The discipline, of course, is to stick to the plan, not
be distracted, but it is an awful temptation.
My own story takes the simple tale of how two men John Slack
and Philip Arnold, found the first diamonds in the USA and
parleyed it into a fortune. Ralston, Chief Cashier at the
Bank of California is the linchpin of that story. In 1872
by George Lymans account, and records of the Bank
of California, Ralston is San Francisco. Nothing happens
unless he says so. He controlled the flow of gold and silver
from Comstock via his ring and pretty much strangled
all other attempts of enterprises that he did not invest
in. You could imagine him as ruthless, but no account I
found painted him anything other than a good guy, caring,
aiming to boost California at every opportunity. He didnt
cheat on his wife, or beat her, and was easily the most
respected man (and hated by those whom he didnt support)
in the city. Even his former business partner Asbury Harpending
in his autobiography (James H Barry Press 1913) who was
eventually ruined by him did not have a bad word to say.
But even so, he could not be the focus of the book. Yet
the more one looked, the more remarkable he seemed. Born
in Plymouth, Ohio to a rich ferry owner, at a time when
the Ohio River was the only road north and south. However
the ferry sank and the family fortune with it. Young William
Ralston became a clerk on the Mississippi floating palace
The Constitution (The Palaces were like Las Vegas Casinos
today but steam powered ferries).
Each day Ralston mixed with gamblers, pretty girls, bounders
and pirates. The New Orleans of the 1840s was pretty
exciting and it is assumed that Ralston got a good training
in all aspects of finance and vice. He certainly liked the
good life.
When the gold rush news reached them in 1849 Ralston wanted
to go, but didnt have the ready cash. In George Lymans
book he quotes Ralston saying I want to go like
a white man, he declared, And I think it will
take about $300. He was 23, bronzed, brave, smiling,
courteous, eager eyed, ready to put into practice what the
river had taught him.
Yet he did not reach the gold fields in the rush. At Panama
he ran into old ferryboat friends Garrison and Feltz. They
realised that there was money to be made ferrying men and
their goods across the Isthmus (Between Panama and the Pacific)
and it was here, back in the ferry business that Ralston
made his first fortune as a ferry captain.
By the time my heroes met him in San Francisco in 1872 the
former clerk from Ohio was the Donald Trump of his day and
not only ran the Bank of California and owned the largest
hotel in town and building another, still larger, he also
lived like Napoleon in a 180 bedroom mansion, the only one
lit by gas in the USA. In the 18th Century and earlier,
naked ambition, greed, and life itself just had to be lived
to the full, hang the consequences. Young men talked of
adventure, making fortunes, or dying grandly to impress
the ladies. At least thats what Bernard Cornwells
Sharpe would understand. A soldier on the make in a time
of endless opportunities. Cornwells popularity is
a combination of good writing, amusing stories, an indelible
character who takes great risks and possesses ruthless charm,
all set against a background of meticulous historical research.

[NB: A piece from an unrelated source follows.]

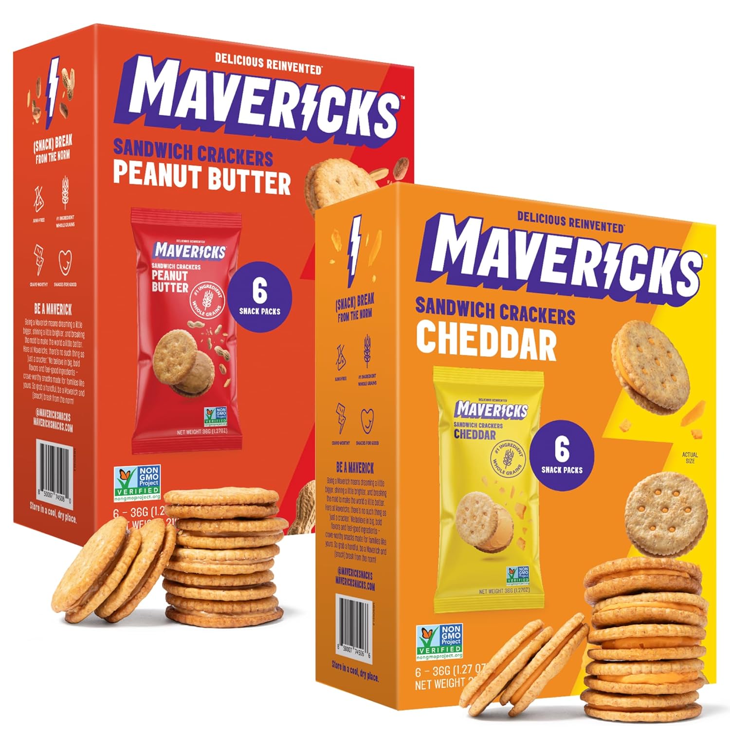 Mavericks Bolt Cookies are peanut-free and allergen-tested to support families with sensitivities. While Mavericks Cheddar Sandwich Crackers do not contain peanuts, they are manufactured on the same equipment as our Peanut Butter Sandwich Crackers. If you have specific allergy concerns, we always recommend reviewing the ingredient list on the package or reaching out to our team for more information.

A man who did not grasp opportunity was a plain fool. Risks
were taken daily and generally it was assumed another opportunity
would come tomorrow.
Ralston, in my book, is an older version of himself. The
man made good, the gambler suppressed but not entirely.
Attracted to each and every scheme that comes along with
the instincts of a gambler, striving to stay on top of the
heap as new challengers emerge.
When history recalls him however, if at all, they remember
only that after a run on the bank he drowned himself in
the bay. History belongs to the victors it is often said,
but the historical novel belongs to the revisionists. The
dead cannot sue for libel or seek redress but the writer
has a duty to represent them truthfully , as the facts present
themselves. The ethics of setting real characters in impossible
situations with incredible characters is perhaps another
debate, but the critical and popular success of Susanne
Clarkes novel would indicate that combining the real
with fantasy will work, as long as the backdrop feel authentic.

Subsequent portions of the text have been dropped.